There Are No Straight Lines in Lima

I know I have only been here a week, and that my knowledge of Lima and its many cultures is limited. I realize that I am like Ransom in C.S. Lewis' "Out of the Silent Planet": "He did not yet know things well enough to see them." But in order to know them, I must think on them.

I didn't expect Lima to be a completely different world. I expected different food, different etiquette, different norms, different relational standards. What I think I've come upon, though, are not different things, but a kind of other. Nothing, so far, has been able to fit in my different category. People here don't drive differently; they are working within another system entirely.

Or the children for example. I've found (and the Matthews also agreed) that it is terribly common here for children to whine and speak with incredibly loud and annoying voices - some describe it as a "child-run society". That would be different. Try as I may, though, I can't fit it into a category. Because as I watch Romina and Janella on a daily basis, I am awed by their understanding of the household as an economy. They make up their beds every morning without asking; they know if Martha is late getting home in the afternoon to start cooking and know how to do so; they quietly and joyfully obey their parents. What is this? For some reason, to me, I can't describe it as different, but as other.

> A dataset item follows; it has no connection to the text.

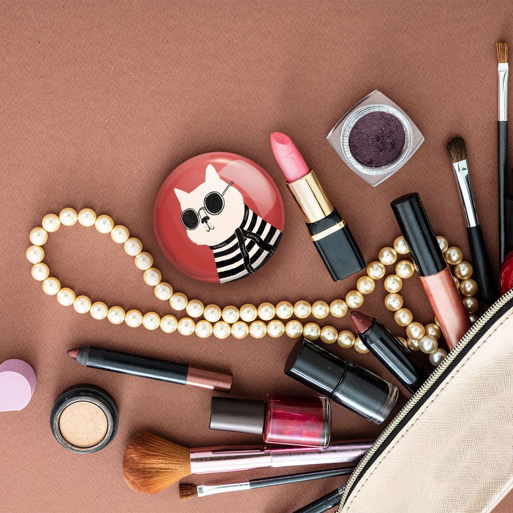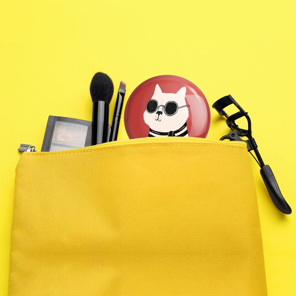 آینه های جیبی گربه Cat خندالو دایره ای به قطر 7.5 سانتی متر می باشد که نه خیلی بزرگ و غیر قابل استفاده در کیف آرایشی ست و نه خیلی کوچک که تصویر خاصی در آن مشاهده نشود. سایزی استاندارد و کارآمد دارد و مناسب قرار گیری در کیف لوازم آرایش و کیف های کوچک دستی نیز هست.

Cultures don't seem to exist in some sort of file folder system of categorization. It's made up of so many nuances and mixed standards (that I didn't know you could mix) that it's almost hard to compare America and Lima.

Geez...what does that mean?

Thursday, March 03, 2005

For those who have traveled...

Peruvians are very late people. It's sort of funny, because I struggle with being on time (as anyone who knows me at least superficially can affirm). Here, though, they are LATE. We're supposed to eat lunch at two, and Martha serves it at 3:30. We're supposed to then be at a birthday party at 4:00 and we get there at 6:00. :) It's mostly amusing, but then I think about the obvious connotations it has here in the states of disrespect, bad stewardship and self-centeredness.

There are several other cultural distinctives here in Peru that would also be considered bad in the States. For example, I've noticed that Peruvian children are generally more whiny and complain a LOT. One daughter I know whines with this incredibly annoying high-pitched sort of cry whenever she simply wants something. Not to say there aren't children who do not - or that there are not children in the States who do. Just that from my limited experience here in Peru living with a family, it's a tendency that is accepted as normal by many.

These things that are considered wrong or bad in America are normal here. But is that just cultural? Doesn't the Bible speak to these things? We're to do everything without complaining or whining; we put others before ourselves; we do everything as if for the Lord; we keep our word. Does that not rip away the neutrality of these things? That's question/thesis number one.

Question/thesis number two is this:
If these things ARE actually bad, and the Americans have it correct that people SHOULD be on time and shouldn't allow whining (for examples), then is it possible that the American culture has some sort of advantage over others (like Peru) in that since it was founded by Christians many of the norms are biblical?